EXERCISE DESCRIPTION: Each line below from the line with "这里刚开始,获取了一个env" to the line with "我国国内快递前十排行榜,涨知识了,收藏起来看看吧" must be copied exactly, including those two, and no picture may appear in the copy.
* * * * *
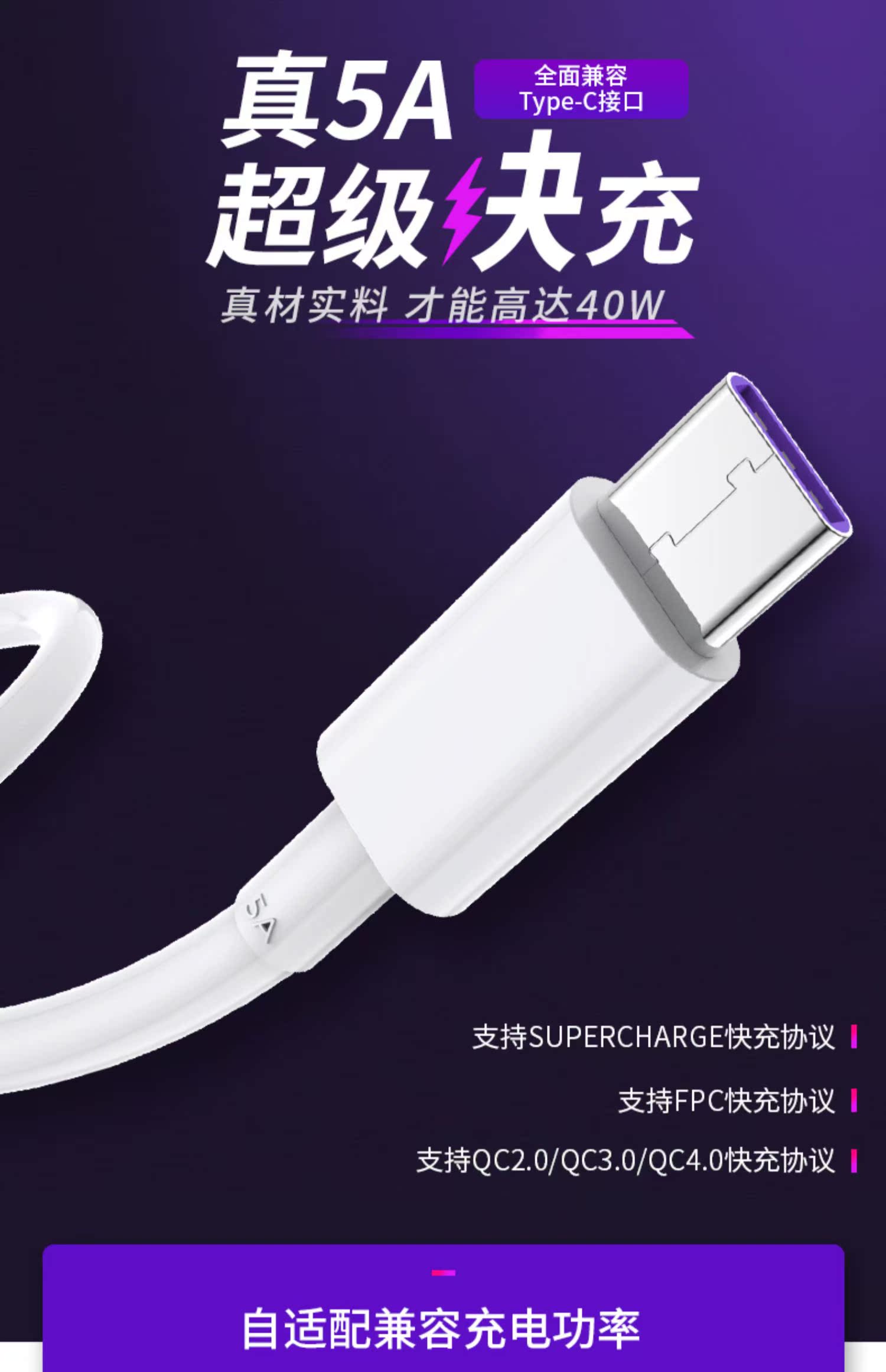 【全兼容type-c接口】真正的5A级快充数据线!!数据传输+充电二合一!!方便又快捷,早点充满电早点出门!!
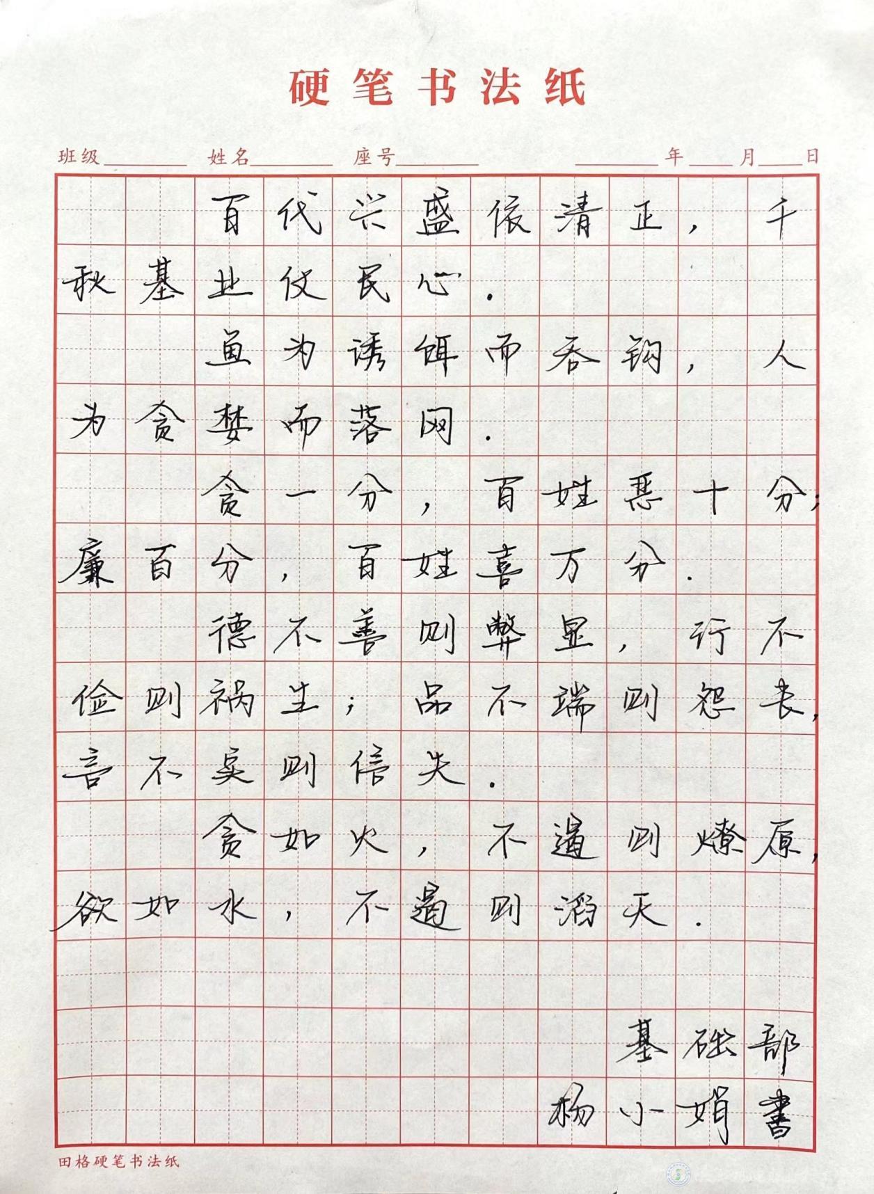 通过笔端的挥毫泼墨,党员教师们能在静心、专心地书写、作画的同时思索廉洁的含义,这本身也是对廉洁的体悟和践行。结合文化艺术形式的廉洁宣传能够有效地弘扬和传播廉洁精神,不仅丰富了支部党员和群众的精神文化生活,同时也有助于积极营造风清气正的廉政文化氛围,使部门全体党员和群众受到一次廉政教育的精神洗礼。
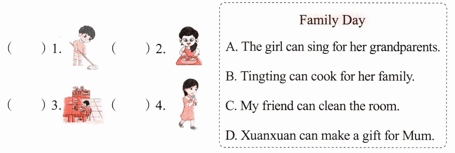 二、“Family Day (家庭日)”快到了,看看同学们能为家人做些什么?看一看,选择与图片相符的句子。
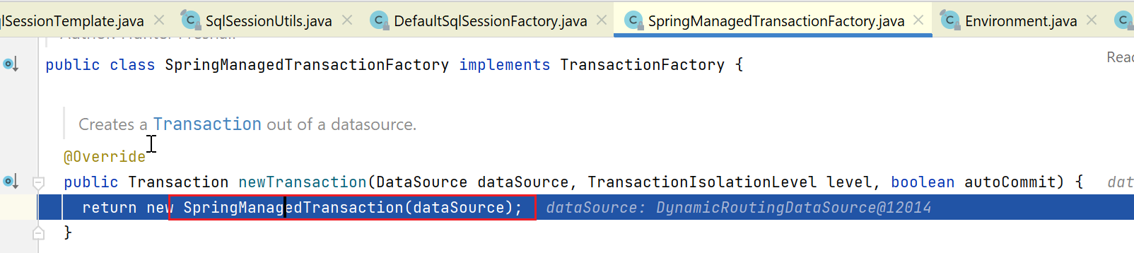 这里刚开始,获取了一个environment,注意这个不是springboot里那个environment,是myabtis里的。具体其中有啥字段,可以看上图右下角:里面包含了transactionFactory、datasource等。
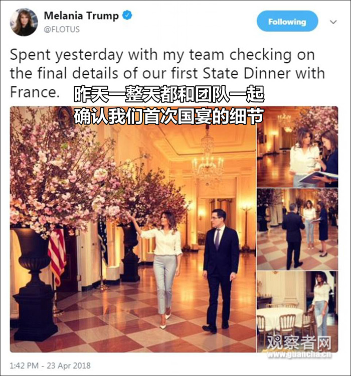 按照日程,特朗普政府的首次國宴將在當地時間24日晚(北京時間25日)舉行,第一夫人已經為此忙碌起來。
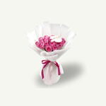 Bouquet noué à la main composé d'une orchidée blanche et de 20 roses roses, délicatement réalisé dans un emballage rose pâle, doux, romantique et d'une élégance intemporelle.
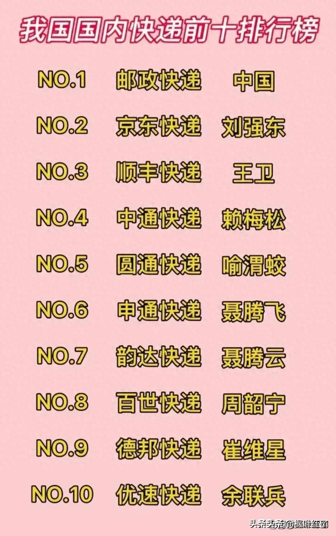 我国国内快递前十排行榜,涨知识了,收藏起来看看吧
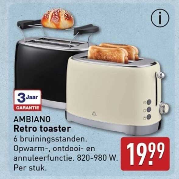 Bekijk de Ambiano Retro Toaster aanbieding bij ALDI! Deze fantastische aanbieding is nu beschikbaar in de nieuwste ALDI folder. Profiteer van deze kans en bespaar flink op je aankoop.
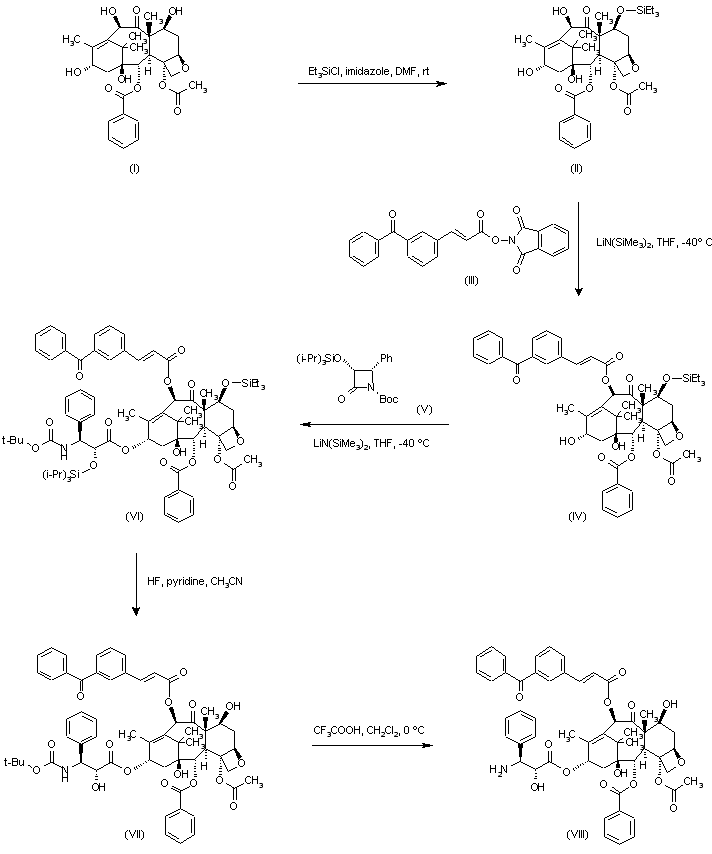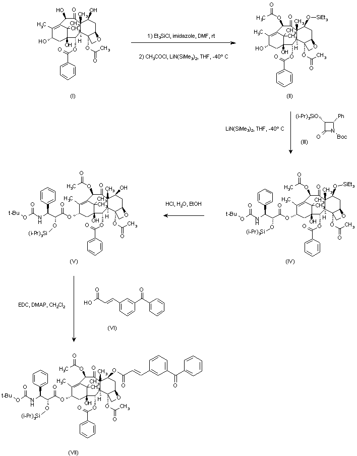| 合成路线图解说明: Selective protection of the 7-hydroxyl group of deacetylbaccatin (I) with triethylsilyl chloride provided silyl ether (II), which was acetylated at position 10 using acetyl chloride and lithium hexamethyldisilazide. Further coupling of (II) with beta-lactam (III) gave (IV), which by selective removal of the 7-silyl group with 0.1 N HCl gave 10-acetyl-2'-(triisopropylsilyl)docetaxel (V). This was condensed with benzoylcinnamic acid (VI) employing EDC and DMAP to afford ester (VII). |
* * * * *
EXERCISE RESPONSE:
 这里刚开始,获取了一个environment,注意这个不是springboot里那个environment,是myabtis里的。具体其中有啥字段,可以看上图右下角:里面包含了transactionFactory、datasource等。
 按照日程,特朗普政府的首次國宴將在當地時間24日晚(北京時間25日)舉行,第一夫人已經為此忙碌起來。
 Bouquet noué à la main composé d'une orchidée blanche et de 20 roses roses, délicatement réalisé dans un emballage rose pâle, doux, romantique et d'une élégance intemporelle.
 我国国内快递前十排行榜,涨知识了,收藏起来看看吧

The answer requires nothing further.